Tuesday, September 29, 2009

A Question of Nipples

Yesterday, while cruising the google news feed, I came across the headline: “Facebook reinstates Playboy Model.” Interesting. So I click. The link takes me to the Edmonton Sun online, where I am confronted with the image of a beautiful, bountiful-breasted woman holding a photograph of herself , clad in white undies, on a bed. This woman’s name is Anissa Holmes, a Montreal-born model/actress who had her facebook profile and fan page shut down for being “too sexually explicit.” According to Holmes, the pictures posted on facebook featured her in bikinis and bathing suits, but she was never “nude” in them. To clarify, her nipples and vulva were not showing in any of the pictures. The logic: No nipples + No Vulva = not explicit.

Wait a second, so does it figure that showing nipples/vulva is a necessarily explicit, vulgar, and inappropriate act? Facebook seems to think so, as evidenced in their persisting ban on images of women breastfeeding. In a response to public outcry on the breastfeeding ban, spokesperson Barry Schnitt affirmed that:

"Photos containing a fully exposed breast (as defined by showing the nipple or areola) do violate those terms (on obscene, pornographic or sexually explicit material) and may be removed,"

So, ladies, according to Mr. Schnitt our boobs are at all times, and in any situation, potentially pornographic. Exposing them for any ends is an explicit act that warrants censure. More specifically, Mr.Schnitt places the nipple and areola as the qualifiers of “obscene.” Which means walking around with tassels on your breasts is a novel way to reduce the pornographic nature of your breasts. Right.

Facebook’s justification for banning boobs (most specifically nipples) continues to be the “think of the children” clause, the premise of this concern being that children might become traumatized by finding these nipple pictures on the internet. I was not, for one, aware that my nipples had such power ( a magical power that men’s nipples seem not to have, as men often parade around, nipples exposed, with little concern for the well-being of our children). Moreover, from what I have seen in National Geographic magazines, and learnt from Anthropology class, many other women around the world seem tragically uninformed of the traumatizing power of their nipples.

Bitch Magazine
, in response to facebook’s ruling on boobs, has proposed that babies should be blindfolded during breastfeeding. After all, who knows what psychological damage babies might incur from seeing a nipple up close at such a vulnerable age? In fact, perhaps it is best that we simply eliminate the nipples from the breasts all together, which would prevent any further any instances of obscenity.

This has all been a long-winded, sarcasm-dripping prelude to my central point: Facebook’s censorship of nipple pictures is a prime example of the ways in which Western media sexualizes women’s bodies to the point that it is very difficult for us to see them as anything other than erotic.

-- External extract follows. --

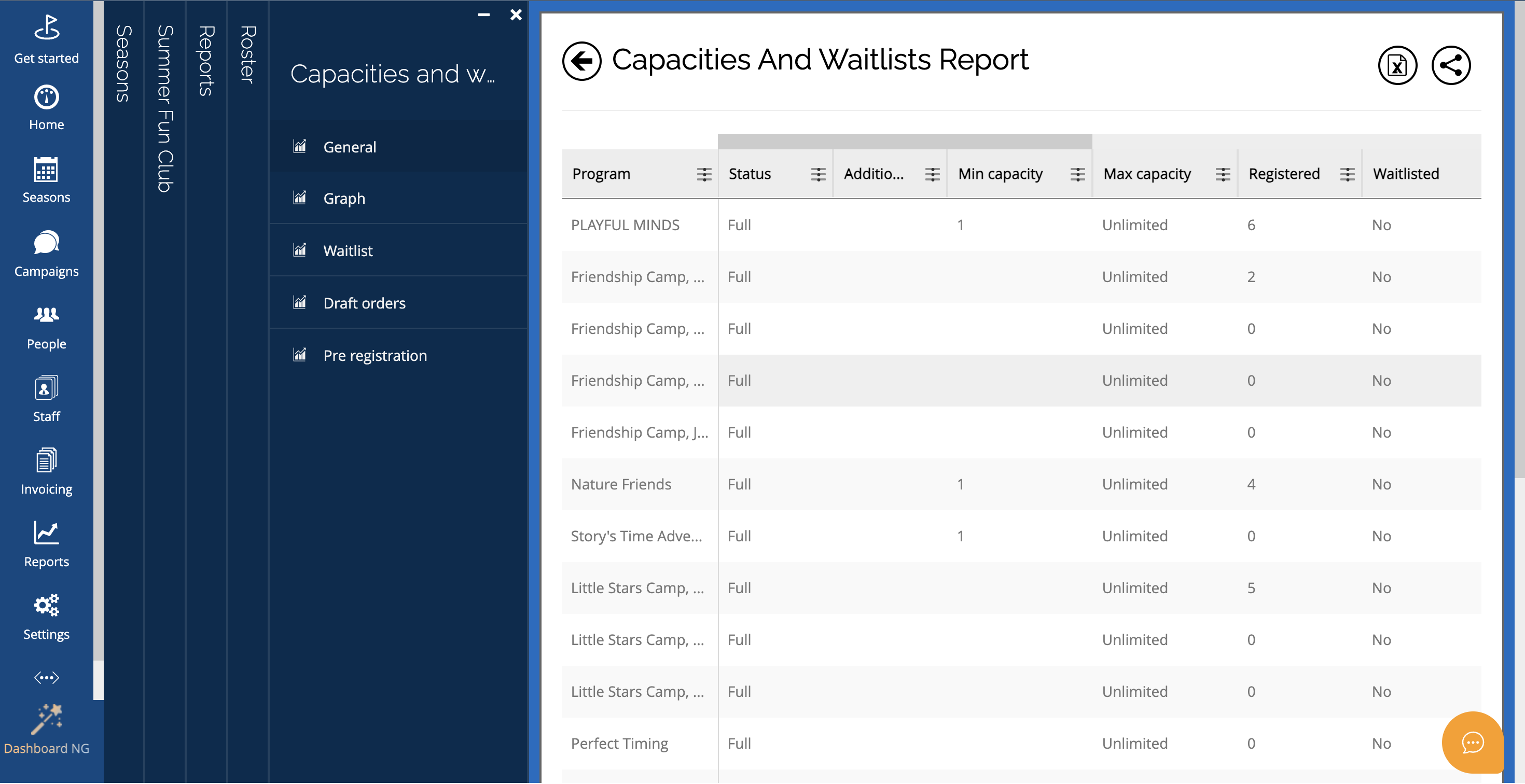 In the Capacity & Waitlist section, you can generate reports and review an overview of your programs, including waitlist status and overall capacity details.

Bodies—how we dress them, attend to them, approach them---convey multiple meanings. We use our bodies to communicate, to provide, to experience. To have women’s breasts (and indeed bodies) reduced to the sexual is to commit a grave assault against human subjectivity and experience. It causes us to see what may be an act of nurturing (breast-feeding) as “obscene.” Audience members at a dance piece may focus more on the women’s bodies—their subjective sexual desirability or lack thereof—rather than the message that the dancers communicate through the movement of their bodies. A PhD student and TA (Teaching Assistant) may stand in front of a class to introduce her research topic, only to be whistled at by a student in the back row. The sexual objectification of women stunts our ability to perceive women and their bodies as anything other than erotic. Women (including myself) internalize this objectification and fear the implications of our sexualized bodies. We too, begin to fear our breasts (Will showing cleavage prompt sexual harassment? Does this shirt show my nipples, and if so will people think I’m a slut?) and we project these fears onto other women (that girl’s shirt is too low, her skirt to short etc).

So, that said, Mr. Schnitt and the Facebook team, please stop accusing women’s nipples of being obscene. Our bodies are not pornographic. They are not sexually explicit. They are ours, and we’re going to celebrate them for all the positive, amazing things they can do (like breastfeeding!)